Looking at the listing below, retype exactly the lines starting at the one containing "Виджет является внешним" and ending at the one containing "대처요령 ⓒ대전시 |", both included, and nothing else.

Data supplied:
*** Block opens ***

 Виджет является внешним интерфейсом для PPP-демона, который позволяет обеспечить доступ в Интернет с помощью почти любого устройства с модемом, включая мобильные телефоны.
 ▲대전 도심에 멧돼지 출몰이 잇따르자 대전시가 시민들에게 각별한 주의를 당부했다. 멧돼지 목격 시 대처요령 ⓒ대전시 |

*** Block closes ***
*** Block opens ***

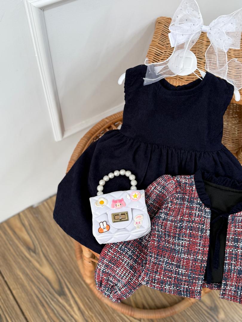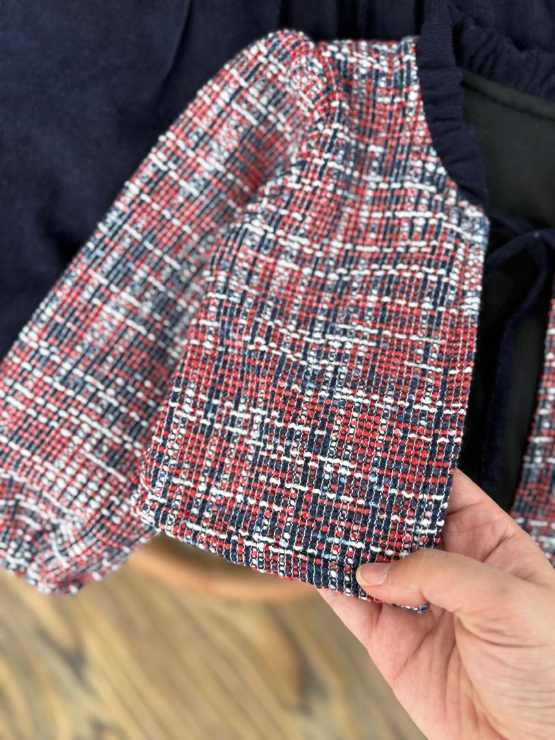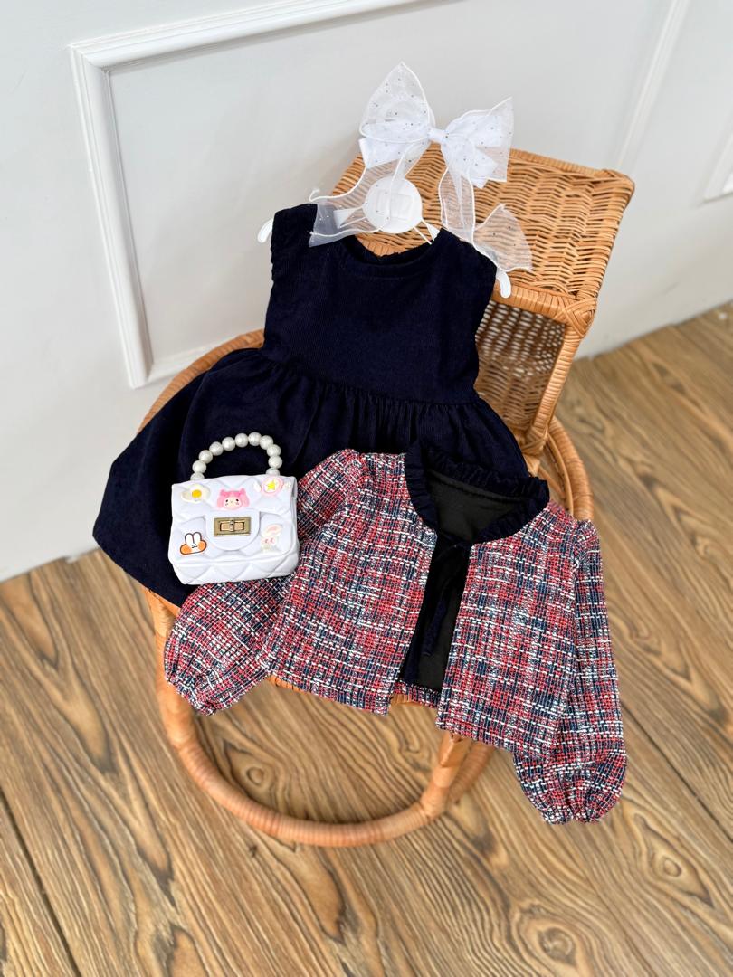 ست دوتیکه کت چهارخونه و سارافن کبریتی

*** Block closes ***

Expected output:
 Виджет является внешним интерфейсом для PPP-демона, который позволяет обеспечить доступ в Интернет с помощью почти любого устройства с модемом, включая мобильные телефоны.
 ▲대전 도심에 멧돼지 출몰이 잇따르자 대전시가 시민들에게 각별한 주의를 당부했다. 멧돼지 목격 시 대처요령 ⓒ대전시 |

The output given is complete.